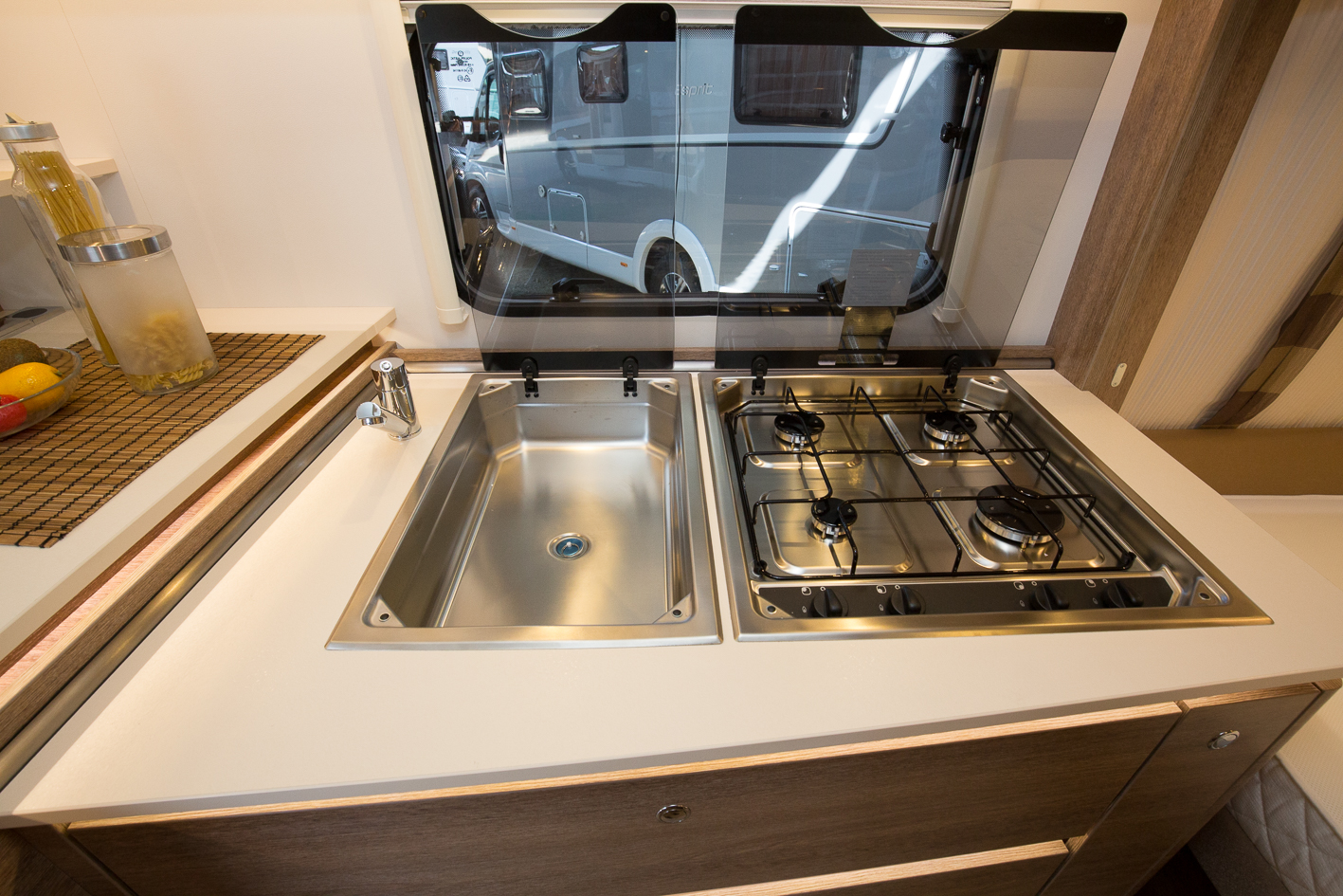 Täcklock till diskho och den fyrlågiga spisen.
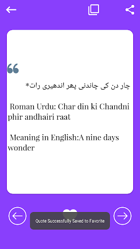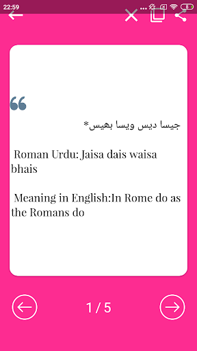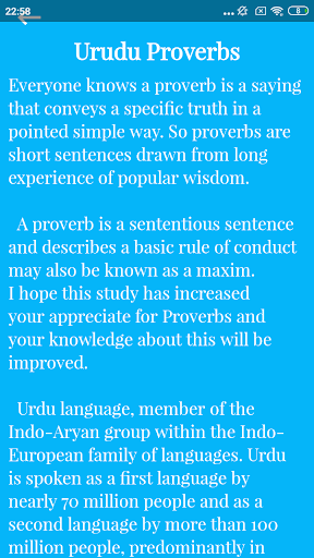 Urdu Proverbs and Meaning language are specially designed to extract the wisdom out of this specific culture. In this app, you can find sayings in Urdu language, Roman Urdu, and pure meaning in English so that people who do not speak Urdu can also understand the true meaning behind the sayings.
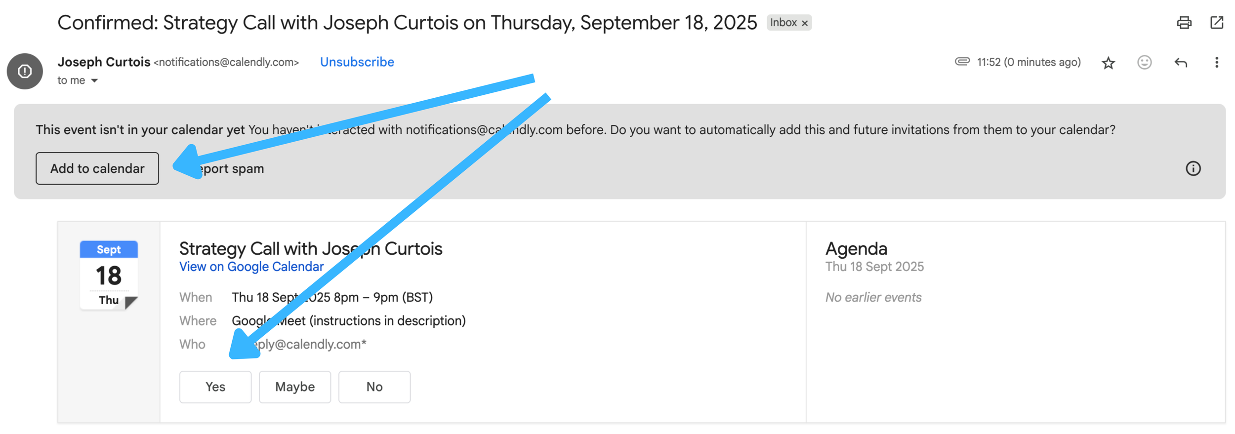 Search Your Inbox For “Strategy Call”. Click “Add To Calendar” And “Yes” For The Calendar Invitation

------------------------------------------------------------------------

*Aim of the task*
Without the pictures, write out all of the material exactly.

*Task response*
 Täcklock till diskho och den fyrlågiga spisen.
 Urdu Proverbs and Meaning language are specially designed to extract the wisdom out of this specific culture. In this app, you can find sayings in Urdu language, Roman Urdu, and pure meaning in English so that people who do not speak Urdu can also understand the true meaning behind the sayings.
 Search Your Inbox For “Strategy Call”. Click “Add To Calendar” And “Yes” For The Calendar Invitation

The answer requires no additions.